Sentí que me tragaba la tierra. ¿Eso era todo? ¿Salvarle la vida a su nieto valía sólo un delantal y un sueldo mínimo?

—¿Y si no acepto?—pregunté, con la voz temblorosa.

—Entonces no hay nada más que hablar—respondió él, seco como el invierno.

Salí de ahí sintiéndome más pequeña que nunca. Pero cuando llegué a casa y vi a Lucía estudiando bajo la luz de una vela, pensé en todo lo que habíamos pasado: el desalojo, el hambre, los trabajos mal pagados. ¿Podía darme el lujo de rechazar esa oportunidad?

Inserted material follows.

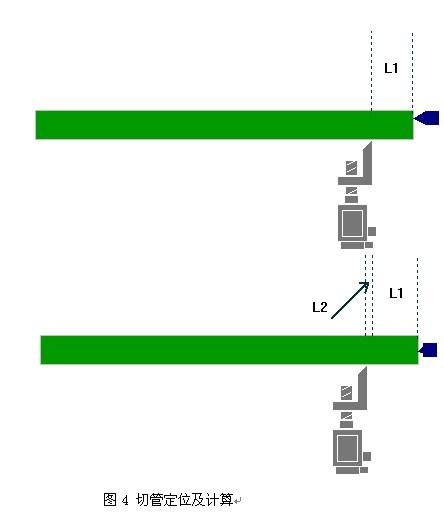 新型的雙軸伺服切管機(jī)與普通的切管機(jī)最關(guān)鍵的部分就是軸向定位和切管長(zhǎng)度控制及計(jì)算,新型切管機(jī)不需要平頭來(lái)做切管的定位,而是只需要讓伺服軸向往管方向走,等碰到了再進(jìn)行長(zhǎng)度定位,但是此方案需要高響應(yīng)和一定的程序編程技巧,上面提到的外部中斷進(jìn)行脈沖切換是一個(gè)比較快又比較準(zhǔn)的方案,通過(guò)圖4-切管定位及計(jì)算,可以看到切管的長(zhǎng)度分兩部分組成:L1:刀頭距,此距離可以進(jìn)行機(jī)械調(diào)整,一般調(diào)整完以后不需要作大的修改;L2:補(bǔ)償距離,此補(bǔ)償距離就是根據(jù)實(shí)際切的管的長(zhǎng)度需要作一個(gè)小的調(diào)整;所以切管長(zhǎng)度L=L1+L2。以往舊的切管機(jī)L1就等于切管的長(zhǎng)度,而且在空間上刀與頭的位置的絕對(duì)不變的,但是新的機(jī)器刀與頭的位置是整體隨軸在走的,這就是為什么新的機(jī)器可以一次送料多次切割的關(guān)鍵所在。

Acepté el trabajo. Cada mañana cruzaba media ciudad para llegar a la mansión antes del amanecer. Lavaba platos hasta que las manos se me partían y escuchaba las risas de los Figueroa desde la cocina. A veces veía a Tomás pasar corriendo por el pasillo; me miraba con timidez y una sonrisa cómplice. Nadie más parecía recordarme.

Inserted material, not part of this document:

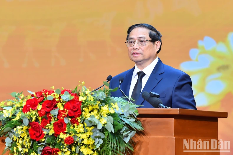 Thay mặt lãnh đạo Đảng, Nhà nước, đồng chí Phạm Minh Chính, Ủy viên Bộ Chính trị, Thủ tướng Chính phủ dự và phát biểu ý kiến tại Hội nghị.

Un día escuché una conversación entre Don Ernesto y su hijo Mariano:

—No entiendo por qué le diste trabajo a esa mujer—decía Mariano—. Podrías haberle dado plata y listo.

—No quiero deberle nada a nadie—respondió el viejo—. Además, así se gana la vida honestamente.

Me hervía la sangre. ¿Acaso mi vida hasta ahora no había sido honesta? ¿Acaso limpiar sus platos era más digno que sobrevivir vendiendo empanadas en la estación?

Las otras empleadas me miraban raro al principio. Pero con el tiempo, algunas se acercaron.

—No te preocupes, Rosa—me dijo Marta, la cocinera—. Todas llegamos acá por necesidad. Pero vos tenés algo distinto: te animaste a tirarte al agua por un chico que ni conocías.

A veces pensaba en dejar todo e irme. Pero Lucía empezó a mejorar en la escuela; ya no faltaba porque podía comprarle útiles y algo para comer todos los días. Yo aguantaba por ella.

Una tarde, mientras fregaba ollas enormes, Tomás entró a la cocina.

—¿Por qué trabaja acá?—me preguntó con esa inocencia que sólo tienen los chicos.

Me agaché para mirarlo a los ojos.

—Porque a veces hay que hacer sacrificios para cuidar a quienes queremos.

Él asintió serio y salió corriendo otra vez.

Pero no todo era tan simple. Una noche, Lucía llegó llorando:

—Abuela, hoy en la escuela se burlaron de mí porque dicen que sos «la sirvienta de los Figueroa»…

Sentí una puñalada en el pecho. ¿Tanto esfuerzo para esto? ¿Para que mi nieta sufriera humillaciones?

Esa noche no dormí. Pensé en mi vida: en mi marido muerto por un accidente en la fábrica; en los años limpiando casas ajenas; en los sueños rotos por la pobreza y la desigualdad. Pensé también en Tomás: ese niño rico pero solo, que me miraba como si yo fuera su única aliada en esa casa fría.

Al día siguiente enfrenté a Don Ernesto:

—Señor Figueroa, quiero hablar con usted.

Me miró sorprendido.

—¿Qué pasa ahora?

—Quiero pedirle algo: déjeme enseñarles a sus nietos lo que es vivir con menos privilegios. Que ayuden en la cocina, que aprendan a limpiar su propio desorden… Quizás así entiendan lo que vale realmente una vida.

Se rió con desprecio.

—¿Usted cree que puede cambiar algo acá?

Lo miré fijo.

—No sé si puedo cambiar esta casa, pero sí puedo cambiar mi historia y la de mi nieta.

Esa tarde renuncié. Volví a casa con miedo pero también con dignidad recuperada. Lucía me abrazó fuerte.

—Sos mi heroína, abuela—me dijo entre lágrimas.

Hoy vendo empanadas otra vez en la estación, pero ahora Lucía me ayuda después de clase. No tenemos mucho, pero tenemos paz y orgullo.

A veces me pregunto: ¿vale más un plato limpio o una conciencia tranquila? ¿Cuántos sacrificios más tendremos que hacer las mujeres como yo para ser vistas como algo más que manos útiles?